La crise entre Merkel et le PPE n’avait pas été anticipée, il y a eu un manque de communication, a indiqué à l’AFP une source française qui a prédit une nuit blanche. Les dirigeants du PPE ont toutefois laissé Donald Tusk tenter de sauver le sommet avec la recherche d’un consensus sur la base du premier accord entre le PPE et les sociaux-démocrates. La plupart des dirigeants « peuvent vivre » avec l’accord Timmermans-Weber et les discussions portent sur les autres postes, a indiqué à l’AFP un négociateur aux premières heures de la journée de lundi. 

« C’est compliqué pour la présidence du Conseil », a-t-il ajouté. Selon une source européenne, les noms évoqués pour ce poste sont ceux de deux Libéraux, la Danoise Margrethe Vestager et le Belge Charles Michel. Dans ce cas, la France pourrait demander la présidence de la BCE, selon cette même source.

Une nouvelle réunion envisagée

Un nouveau sommet sera peut être nécessaire pour boucler un accord et la date du 15 juillet, pendant la deuxième session du Parlement européen. Le président français Emmanuel Macron et Mme Merkel veulent trouver un accord cette nuit « quitte à prendre du temps, il est même envisagé de déborder jusqu’à lundi matin s’il le faut », a toutefois nuancé la source européenne.

L’Assemblée doit impérativement élire son nouveau président lors de sa session inaugurale mercredi 3 juillet. « Le choix du président du Parlement est totalement indépendant (...) Nous élirons notre président le 3 juillet quel que soit le résultat » du sommet, a affirmé dimanche le président sortant, l’Italien Antonio Tajani, membre du PPE.
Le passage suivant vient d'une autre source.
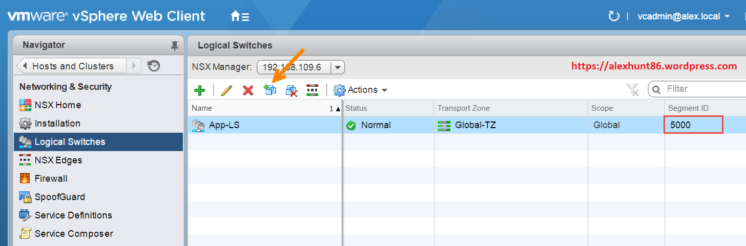 A: Go to Networking & Security | Logical Switches and clicking on the VM icon as shown in figure. This method will allow to migrate multiple VM’s at once from their current network (portgroup) to the logical switch.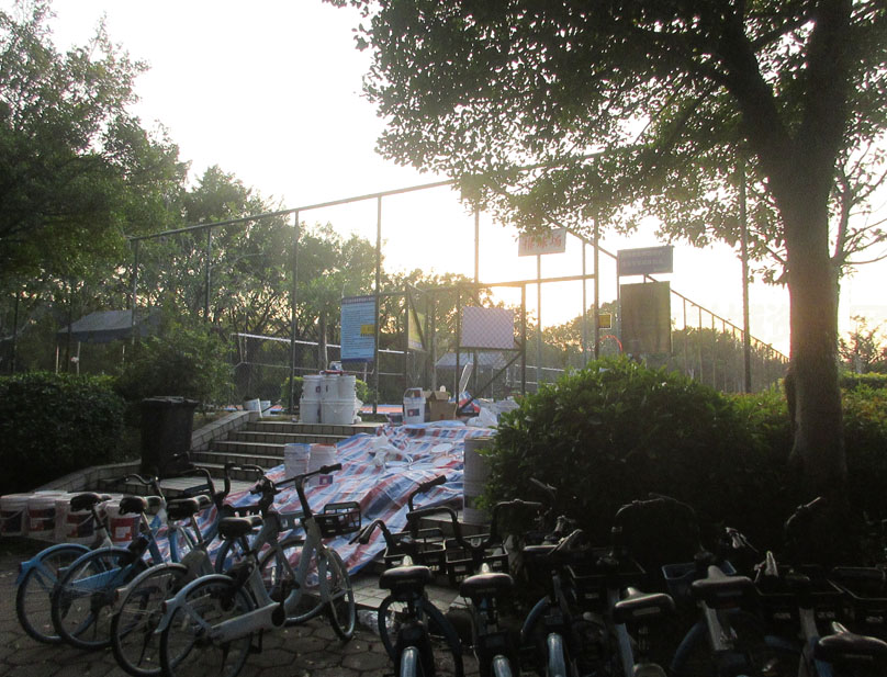 | 广工体育区西南 排球场看到好像在进行翻修升级改造施工作业 | ||||||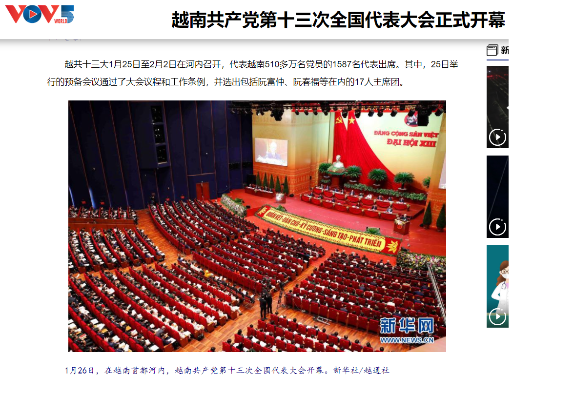 Koran “Renmin Ribao” (atau Harian Rakyat) mengutip Laporan politik yang disampaikan Sekretaris Jenderal Komite Sentral Partai Komunis Vietnam (Sekjen KS PKV), Presiden Nguyen Phu Trong yang menegaskan bahwa target umum PKV ialah: meningkatkan kemampuan memimpin, kemampuan memegang kekuasaan dan daya juang dari PKV; membangun PKV dan sistem politik yang jernih, kuat, komprehensif; memperkokoh dan memperkuat kepercayaan rakyat terhadap PKV, Negara, sistem sosialisme; mempertahankan secara mantap lingkungan damai dan stabil; berupaya sampai pertengahan abad XXI menjadi negara maju. Selain itu, koran ini juga memuat secara lengkap isi telegram ucapan selamat dari Partai Komunis Tiongkok kepada Kongres Nasional XIII PKV.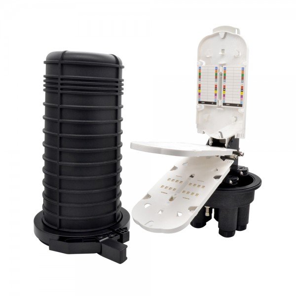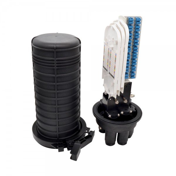 Mufa de fibra óptica domo. Real Optic es la solución mejor diseñada e innovadora para la instalación de cableado de fibra. Adopta una estructura de sellado mecánico totalmente IP68 para un buen rendimiento de sellado del cable de fibra de más de 144 fibras. Se puede instalar PLC Splitter hasta 2x 2:32 con 36 puertos SC Adapters. Múltiples aplicaciones e instalaciones con montaje aéreo, en poste y en pared.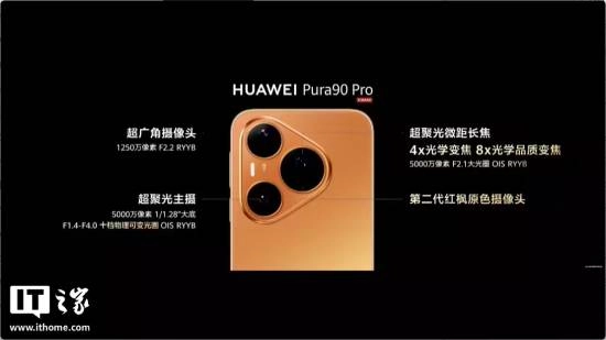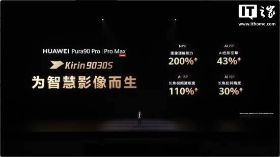 华为 Pura90 Pro | Pro Max 搭载了首发麒麟 9030S 芯片,号称专为智慧影像而生,NPU 图像理解能力提升 200%、AI ISP AI 色彩引擎提升 43%、AI ISP 长焦视频清晰度提升 110%、AI ISP 长焦防抖精度提升 30%。Pura90 Pro 主摄为 5000 万像素(1/1.28 大底、F1.4 - 4.0 十档可变光圈,RYYB),提供 1250 万像素超广角(光圈 2.2,RYYB)、超聚光微距长焦,还提供一颗第二代红枫原色摄像头。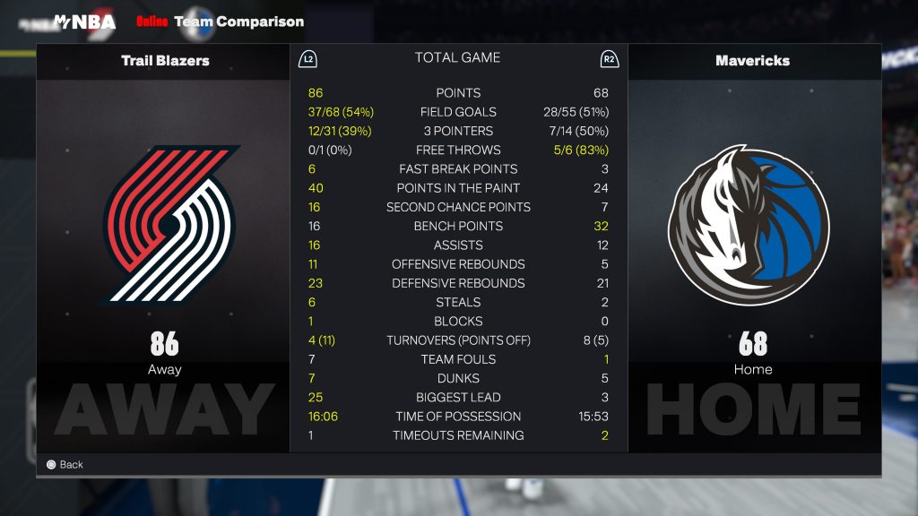 | L. Doncic | 22 | 22 | 7 | 7 | 9/20 | 4/11 | 0/0 | 1 | 0 | 1 | 30.3 |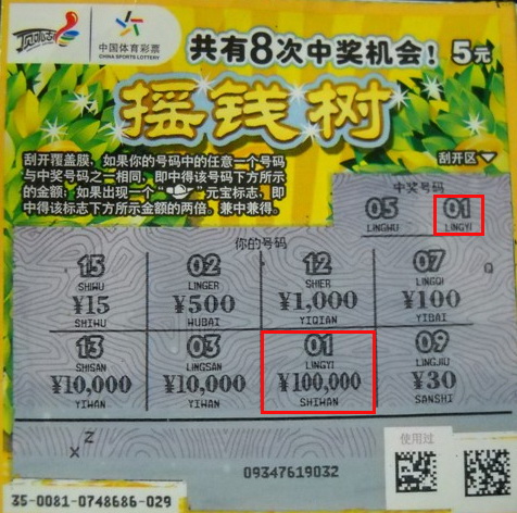 他学着别人拿起硬币刮起来,刮最后一张时,他先刮开了8个“你的号码”一栏,最后才刮“中奖号码”,全刮开后仔细一一对应,发现有个“01”上下相符,他再小心翼翼刮开“01”下方所示的金额,哇!怎么好多“0”?数了下,足有5个耶!小屠赶紧把彩票给大伙儿验证,大伙惊呆了,这可是10万元大奖,一点不差啊!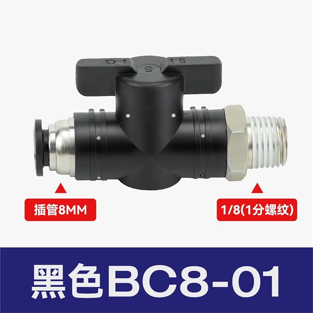 صمام يدوي بلاستيكي مشترك هوائي BUC-8/4/6/10/12 مفتاح يدوي لأنابيب الهواء BTC BC8-02 1 قطعة (أسود، BC8-01)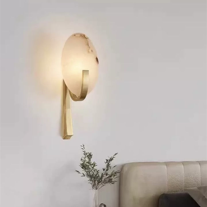 โคมไฟติดผนังทองเหลืองสไตล์โมเดิร์นหรูหราในร่มโคมไฟระย้าทรงกลมสีทองธรรมชาติแหล่งกำเนิดแสง LED สำหรับตกแต่งข้างเตียงโรงแรมทางเดิน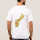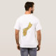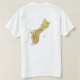 Um título e um slogan editáveis acompanham o motivo central em um fundo azul com beira vermelha da bandeira guamesa na parte dianteira deste t-shirt. A parte traseira indica um mapa detalhado de Guam.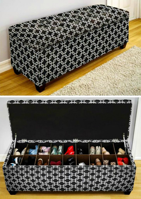 Диван с ящиком для обуви. | Фото: Boom.ms. Компактный диван-скамья с вместительным органайзером для хранения обуви. Такой диванчик станет прекрасным дополнением интерьера маленькой прихожей и избавит от необходимости покупать специальные полки для обуви.

La désignation du président de la Commission européenne peut en revanche être retardée. L’actuel chef de l’exécutif bruxellois, le Luxembourgeois Jean-Claude Juncker, est en fonction jusqu’au 31 octobre. La personnalité désignée devra obtenir l’aval de 21 des 28 membres du Conseil et une majorité d’au moins 376 voix au Parlement. Quatre pays d’Europe de l’Est membres du groupe de Visegrad (Hongrie, Pologne, République tchèque et Slovaquie), sont ouvertement hostiles à M. Timmermans, qui a lancé des procédures pour violation de l’Etat de droit contre Budapest et Varsovie.